If you're dealing with incident response on this, the detailed technical analyses from Sonatype, Datadog Security Labs, and Wiz are excellent starting points.
Top comments (1)
This writeup is exactly what the community needed — a calm, technical breakdown rather than just "LiteLLM got hacked, update now." The supply chain angle is what makes this particularly unsettling. LiteLLM sits at the gateway layer, meaning a compromised version has visibility into every prompt, every API key, every response going through it. The blast radius isn't just the application — it's potentially everything upstream.

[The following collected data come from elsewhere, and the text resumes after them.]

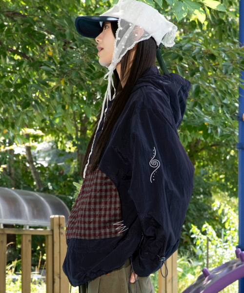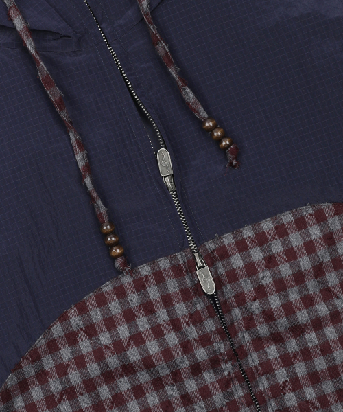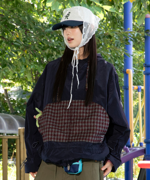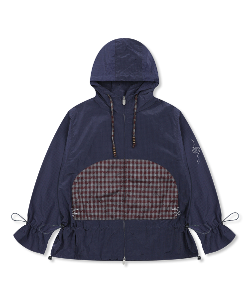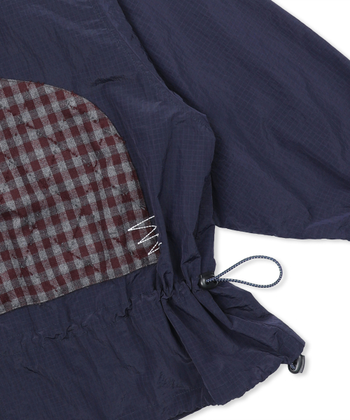 WXJ029 히나타 체크 배색 립스탑 윈드브레이커 (NAVY)
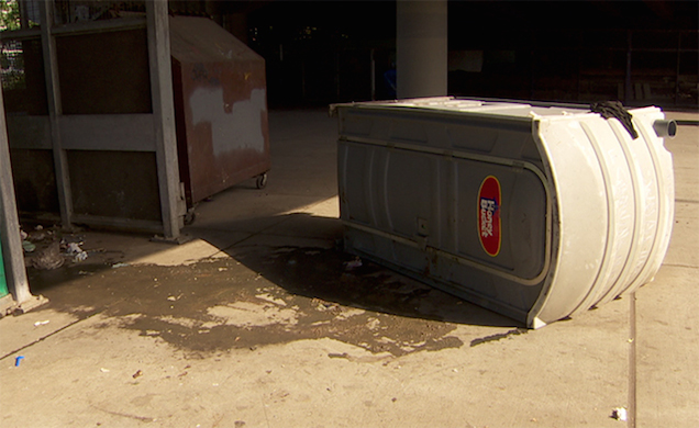 “[He] was flashing us over and over again, and we asked him multiple times and told him to stop and he wouldn’t,” a homeless woman told KATU. “Our friend thought it would be funny to get up and jump behind the port-a-potty and kick it.”
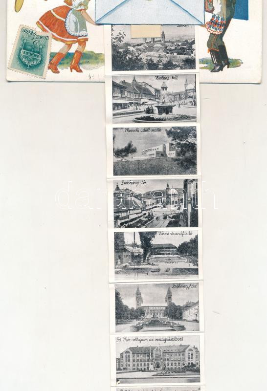 1941 Pécs, magyar népviseletes leporellólap 10 kis képpel és repülőgéppel (fa)
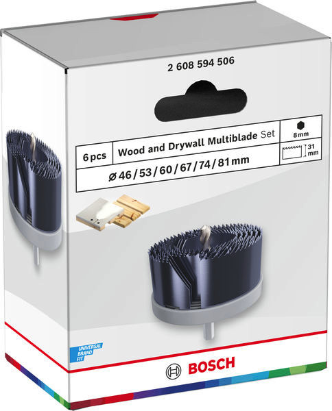 Wood and Drywall Lochsägen-Set mit Aufsteckhalter, 46/53/60/67/74/81 x 31 mm
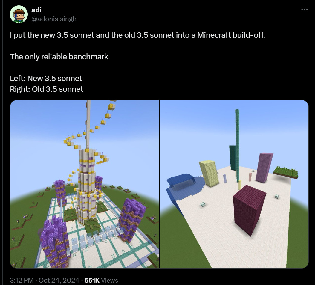 Sonnet 3.5.1 blows away Sonnet 3.5 on the ‘build cool things in Minecraft’ benchmark.
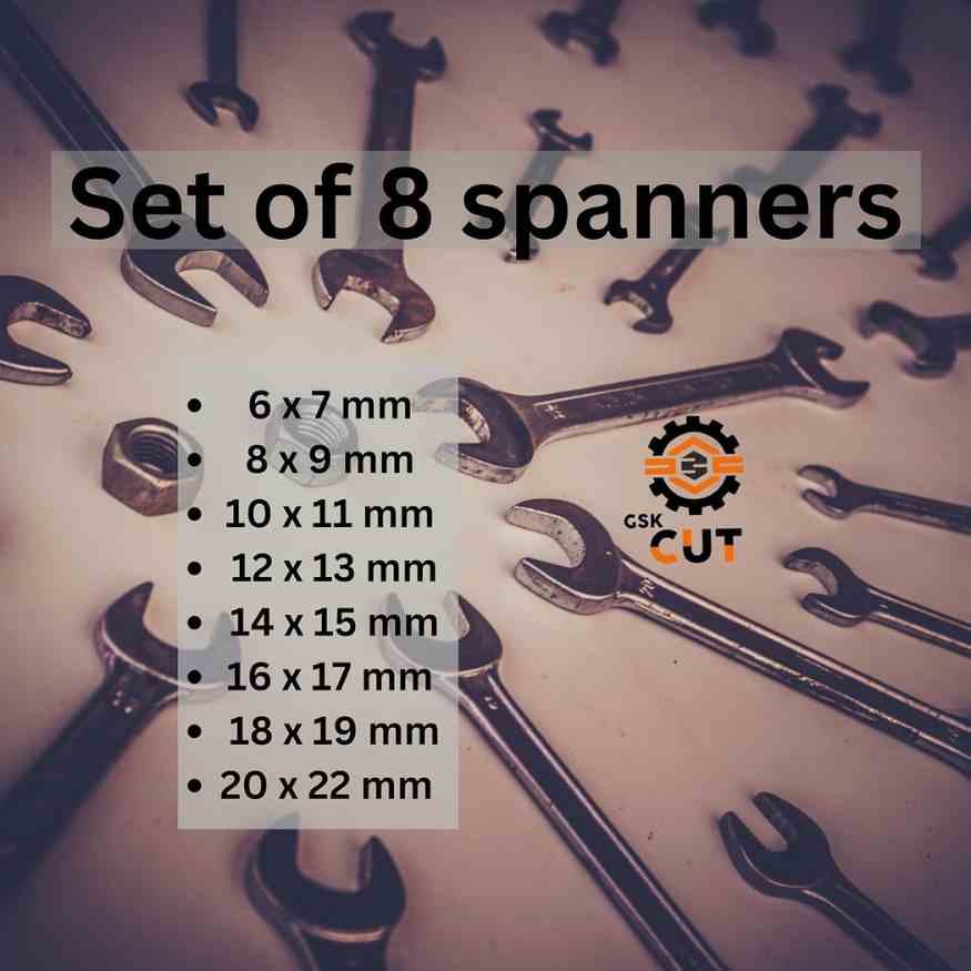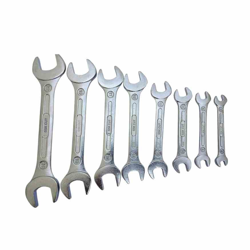 8-piece double open end spanner set made of chrome vanadium steel with nickel chrome finish. Rust-resistant, durable, and ideal for home, garage & professional use.
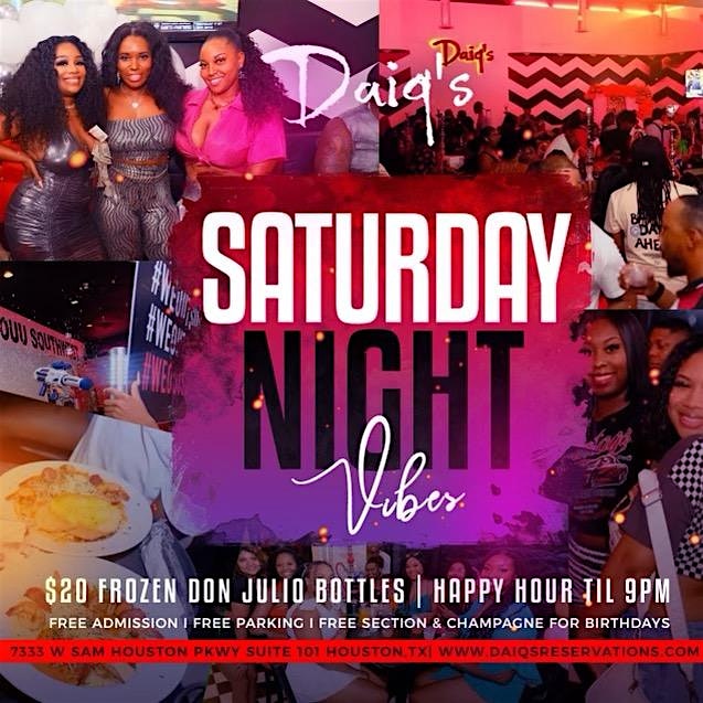 by admin24Feb DAIQ’s On Saturdays! at Daiq’s – Houston, TX DAIQ’s On Saturdays! at Daiq’s – Houston, TX 2 2 people viewed this event. Saturday-Brunch/Nitelife at “DAIQ’s On Saturdays!” $7 Premiums til 6, $12 Lemon Drops & Side Cars 6-2, $60 Fireworks Towers ALL DAY Tickets-RSVP Link Date And Time Saturday, April 4th, 2026 07:00 PM (PST) Venue Daiq's Location 7333 West Sam Houston Parkway South, Houston, TX 77072 Event Types Food & DrinkParty or Social Gathering Event Category HoustonTexas Share With Friends Facebook Twitter Linkedin Xing Pinterest Share This Post:
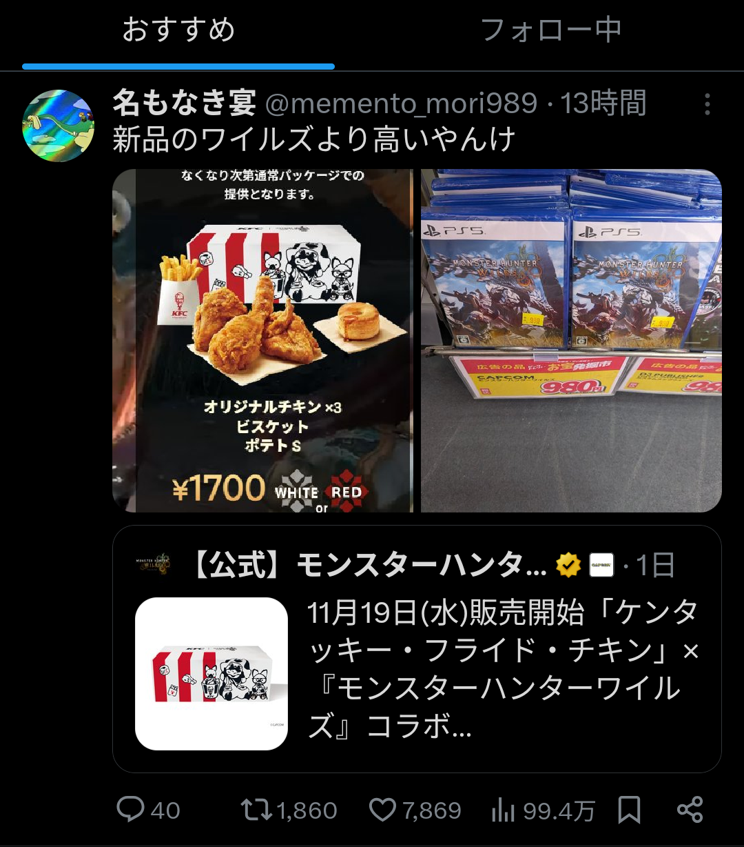 | … | 656無念Nameとしあき25/11/19(水)02:07:31No.1367132180+>こう立て続けにコラボされるとマジで2025年は大好評で人気爆発のモンハンイヤーの予定だったんだろうなあ… |
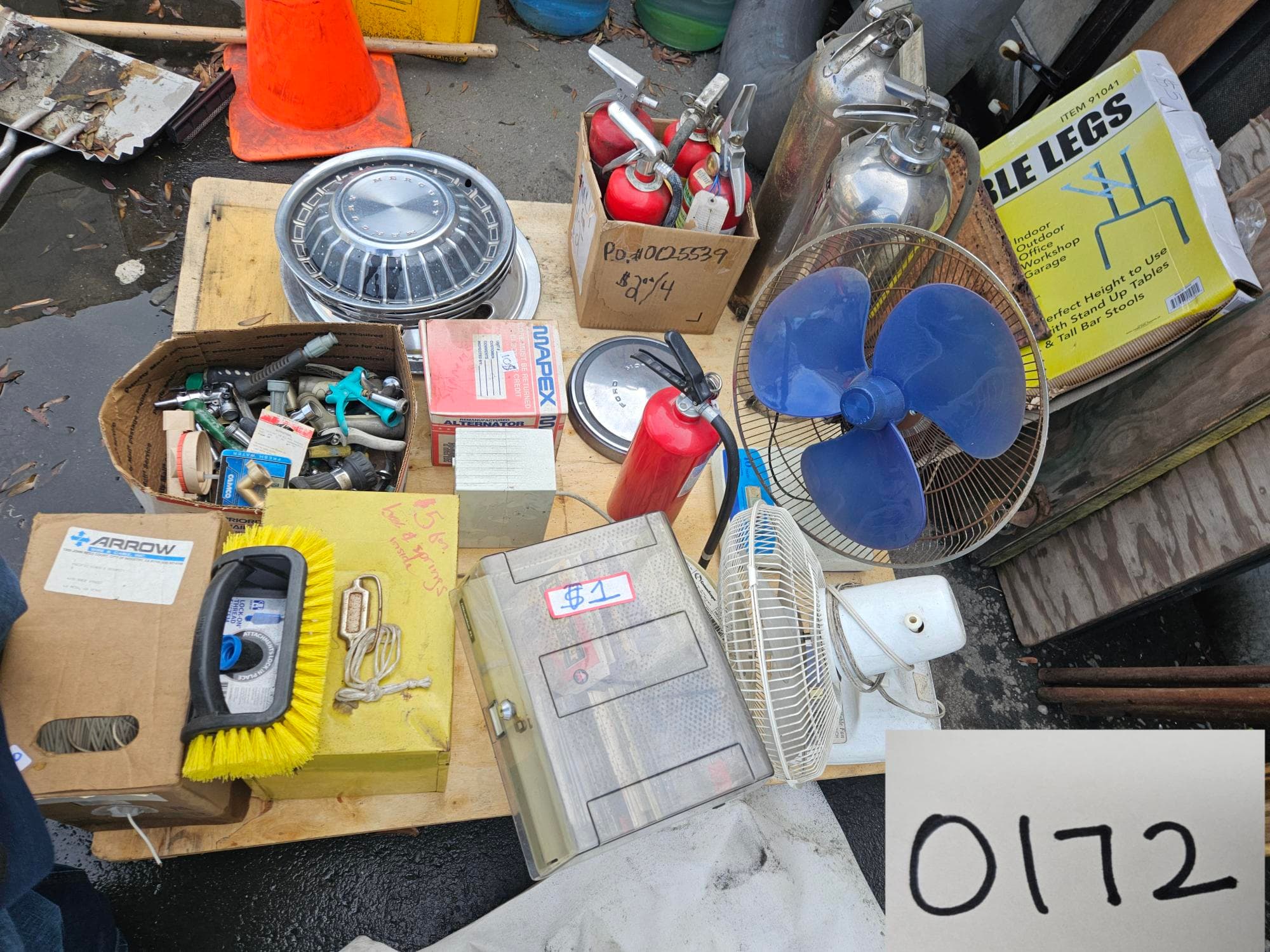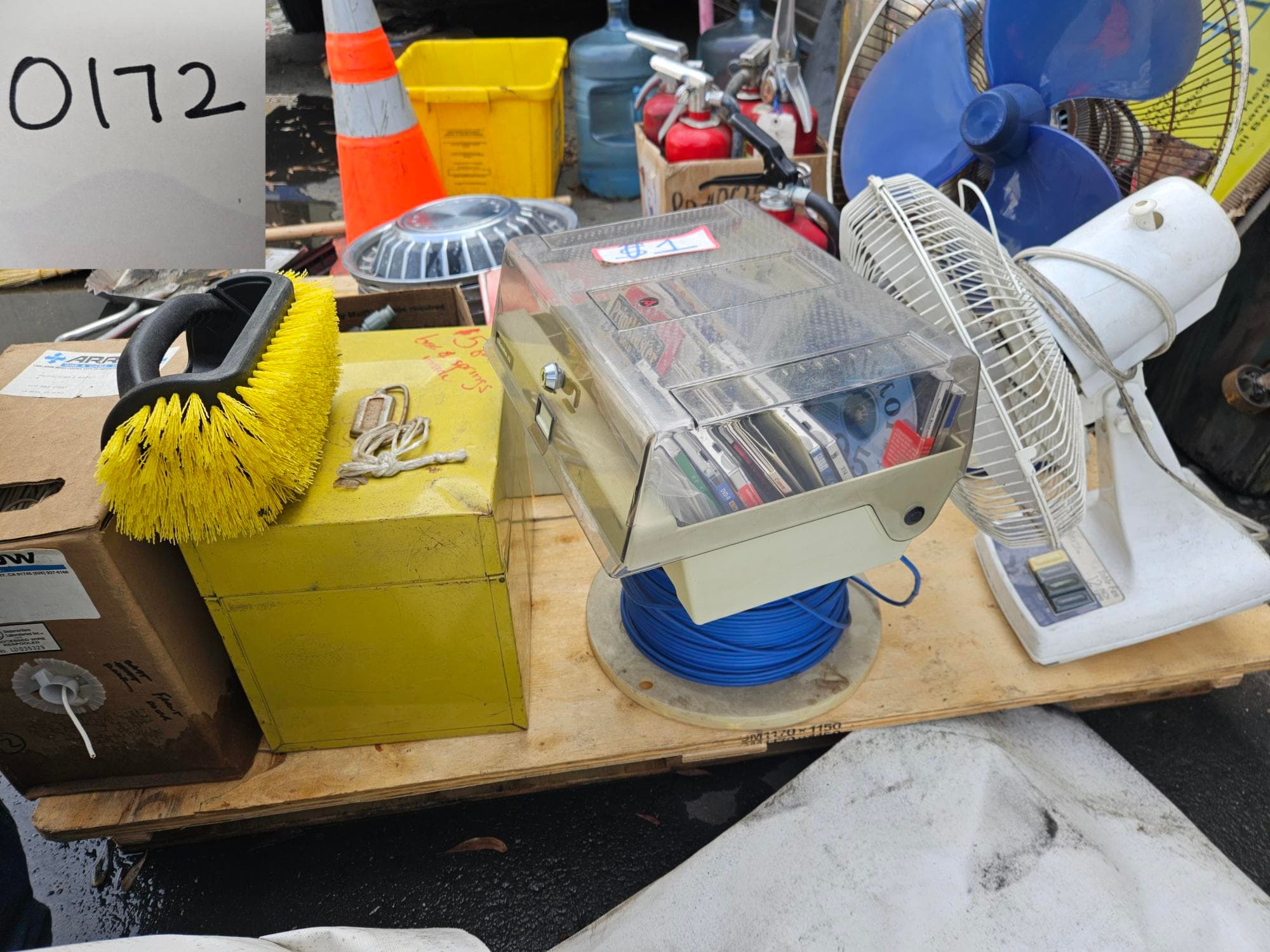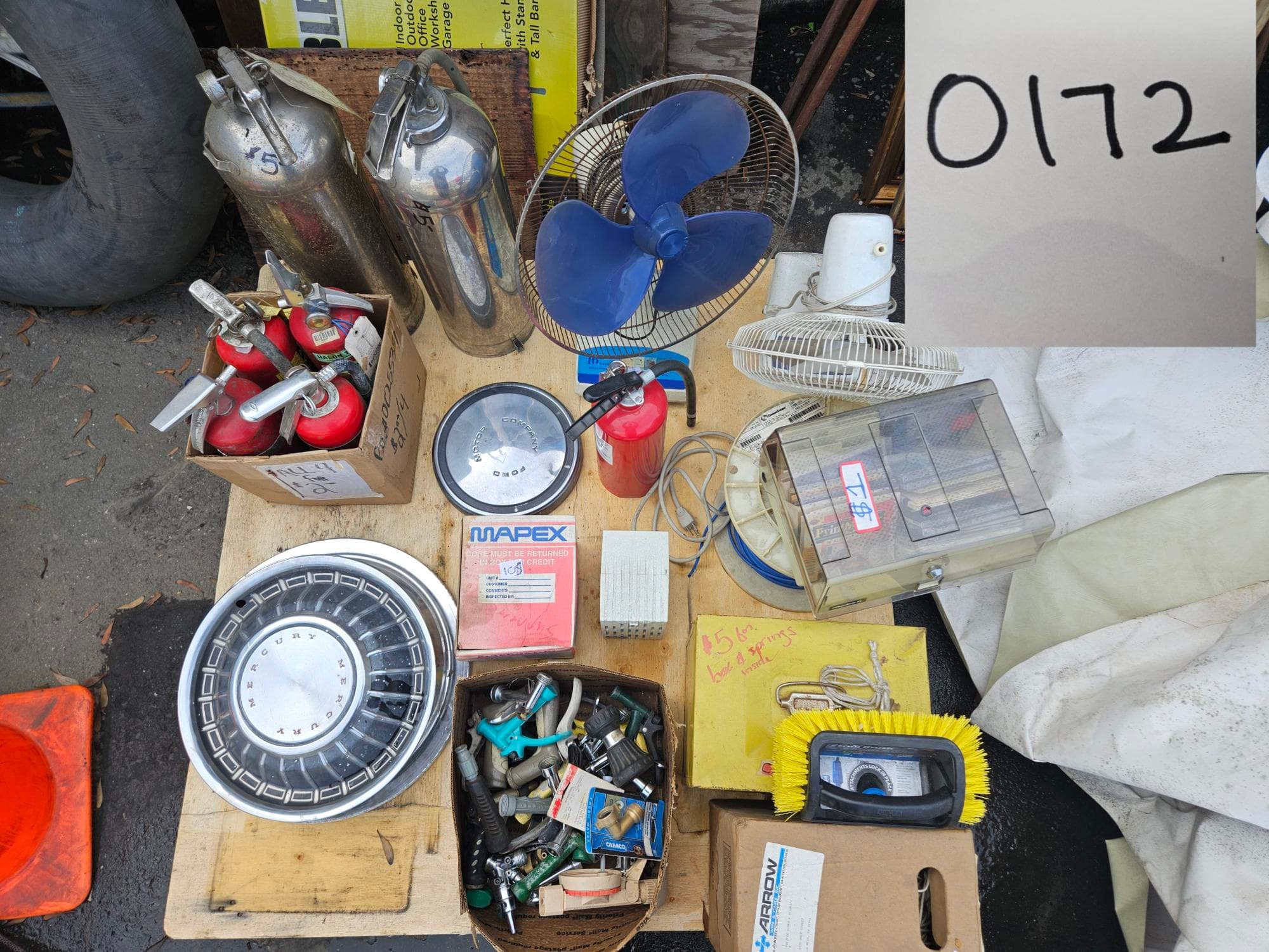 Contents of Pallet: Fire Extinguishers, Rims, Hose Sprayers and More | West Auctions
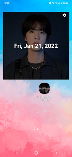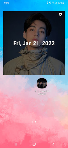 Jin, Suga, J-Hope, RM, Jimin, V 및 Jungkook의 모든 B.T.s 회원의 모든 B.T.s.s의 배경 테마가있는 캘린더 2021 위젯.
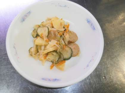 今日の給食は,ソーセージとじゃがいもを素揚げにして,にんじんやきゅうり,蒸したキャベツを一緒に炒めて,合わせ酢とごまで味付けした献立『ソーセージと野菜の炒めナムル』にしました。
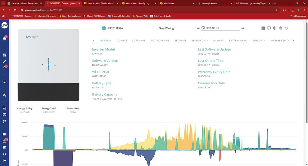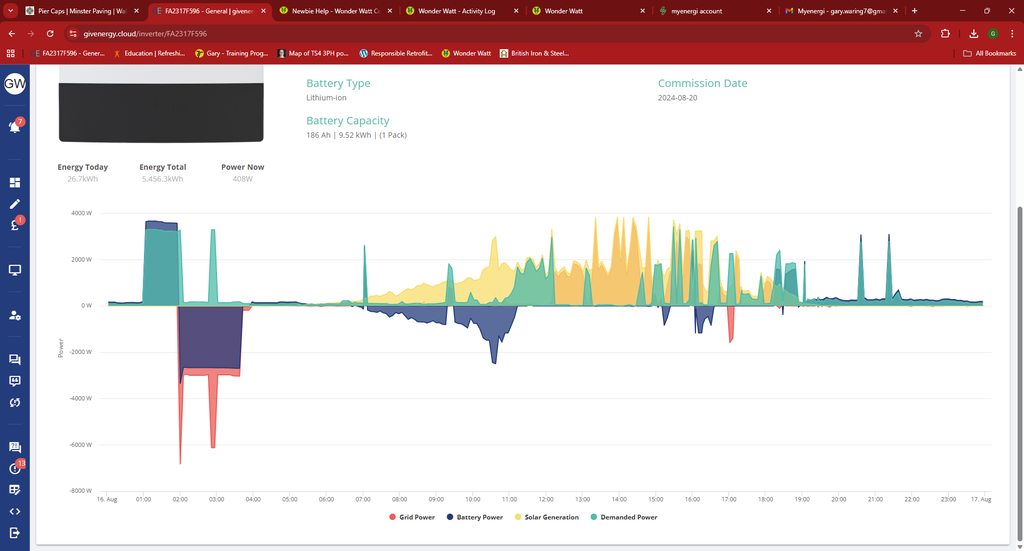 Check you have all the settings on this page correct, the daily use at the bottom of the page is important to you, as you'll be using this to help minimise grid import.
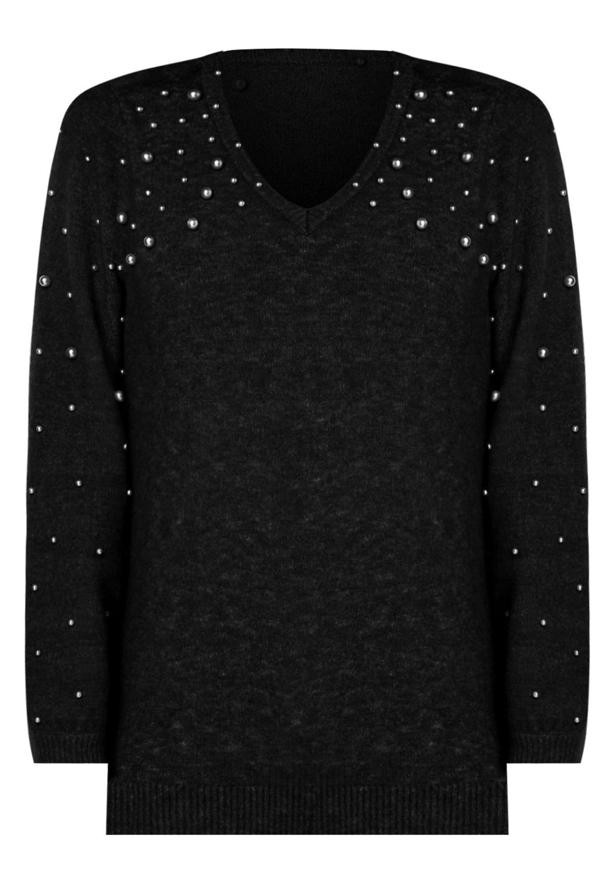 Embellished Pullover Sweater with Blouson Sleeves | Roaman&
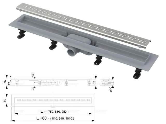 Водоотводящий желоб с порогами для перфорированной решетки (Simple), Alcaplast
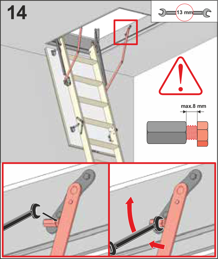 Регулирования длины чердачной лестницы Дёке
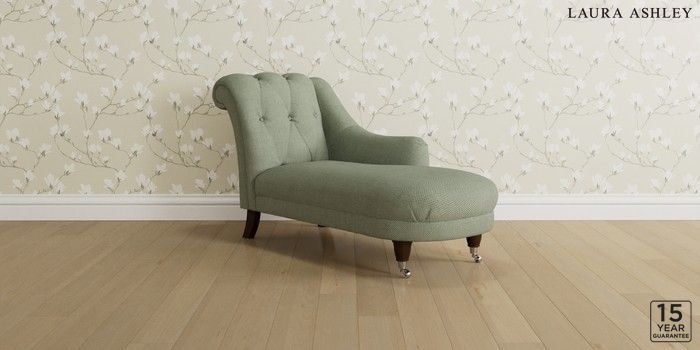 6.12.1 Buy Gloucester Button Back by Laura Ashley Chaise Longue Right Hand Anneliese Sage Green Low Chrome Castor - Chestnut from the Next UK online shop Click here to use our accessible website
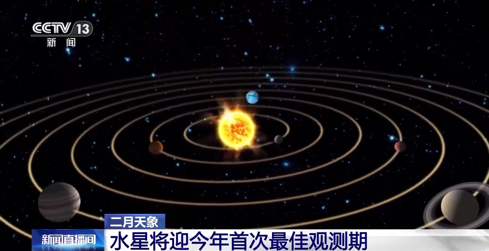 北京天文馆高级工程师 寇文:水星在太阳两边来回摆动,最大不会超过一个角度。当水星在太阳的东边,角度达到最大的时候,这时候就叫东大距。东大距实际上是傍晚的时候,我们朝西方天空看,太阳落山以后,水星顶多看半个小时可能就落下去了。
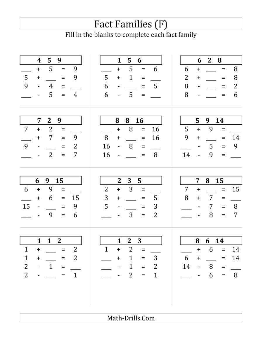 Fact Family Addition and Subtraction Lesson F You are only required to do 5 problems. However, If you would like to, you can do the entire page.

What strikes me here is how normalized dependency trust has become in AI infra specifically. The typical ML/AI dev workflow is: pip install litellm, trust PyPI, move on. We've gotten better about this in systems programming (hash verification, reproducible builds), but AI tooling is still in the "ship fast, trust the registry" era.
A few things I'd add to the mitigation list: (1) hash-pin your AI infra dependencies separately from your general requirements — litellm especially warrants its own pinned requirements-ai.txt with SHA256 verification. (2) If you're running LiteLLM as a proxy, consider wrapping it in a network policy that blocks unexpected egress — the backdoor in the reported versions was exfiltrating data outbound. (3) Audit your Docker layers; if LiteLLM is in a base image you pulled weeks ago, you may still be running the compromised version.
Thanks for getting this up fast. This is the kind of writeup that actually changes people's practices.